Though the findings were modest — the kids weren’t that mean or that dumb — it adds to a growing body of scientific research that says spanking really doesn’t have a long-term positive effect on child behaviors and has negative consequences to boot.
The study observed the interaction between parents and their child and compared that to how many times per week the parents reported their children had been spanked by a caregiver. They did this for the subjects at one year, two years and three years.
Being spanked at 1 was associated with aggressive behaviors at 2 and not doing well on cognitive tests at 3. Being spanked more frequently at 2 (three times per week as opposed to 2.6 times per week for the younger ones) didn’t compound the aggressiveness or poor testing.
(It’s hard to believe is that people spank one-year-olds!)
Verbal punishment didn’t have the same effect, even if the caregiver yelled, scolded or said mean things to the kids, as long as the caregiver was otherwise loving and attentive.

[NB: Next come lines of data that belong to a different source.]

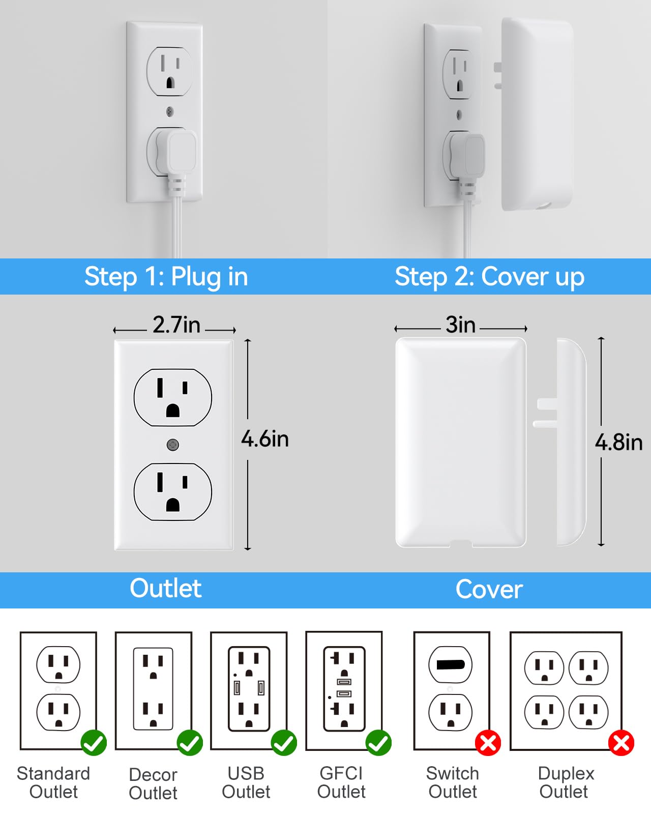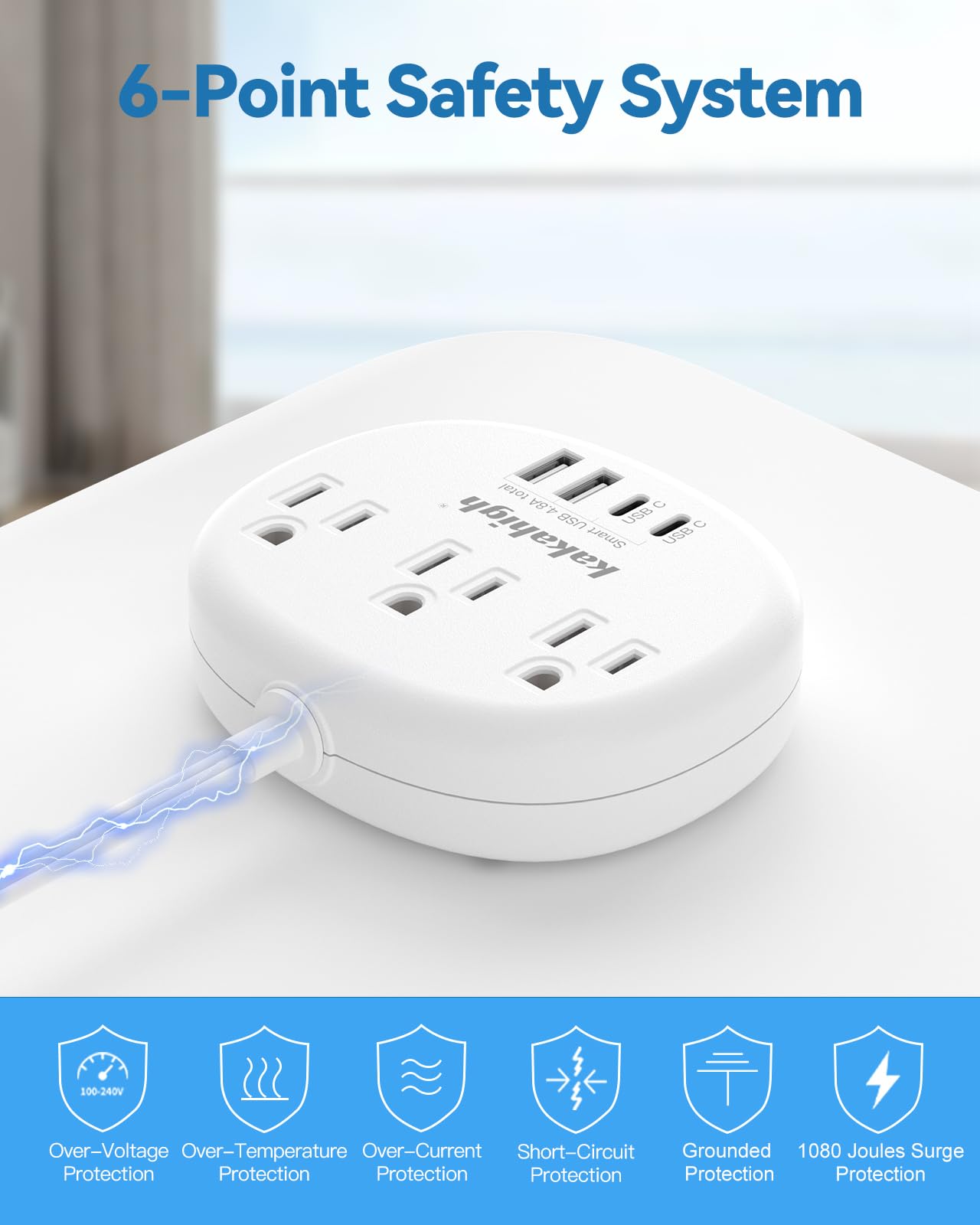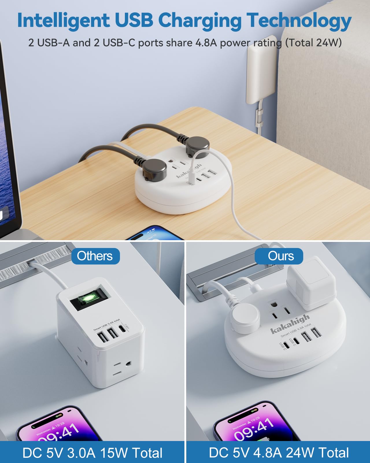 【Extension Cord with USB C Ports】Compare with other 15W power strips, the baby proof extension cord provice 2 usb-c for Apple devices, each can charge up to 5V/2.4A Max, all usb ports output is 5V/4.8A, 24W max. Outlet cover extension cord with smart charging technology, it can automatically detect your connected devices and can achieve faster charging efficiency, which would charge your devices WITHOUT a variety of converters.
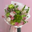Avtorskij buket «Elegiya vesni» s kustovimi redkimi ranunkulusami, pionami Sara Bernard, standart
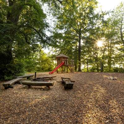 L'aire de jeux est équipée d'une tour d'escalade en bois avec un toboggan et une balançoire. Juste à côté se trouve un barbecue.

The 2,500 research subjects were all low-income and white, Hispanic or black. Researchers focused on low-income families, a demographic where spanking is “cultural normative,” to detect a lesser effect of spanking on the child, which they did not find.
What’s your take on spanking? If you look at the research, there’s just nothing there to support it as a long-term behavior modifier. So why do people still do it? At the same time, if parents were spanked as kids and never experienced other ways to solve problems or deal with conflict, of course spanking is their discipline of choice.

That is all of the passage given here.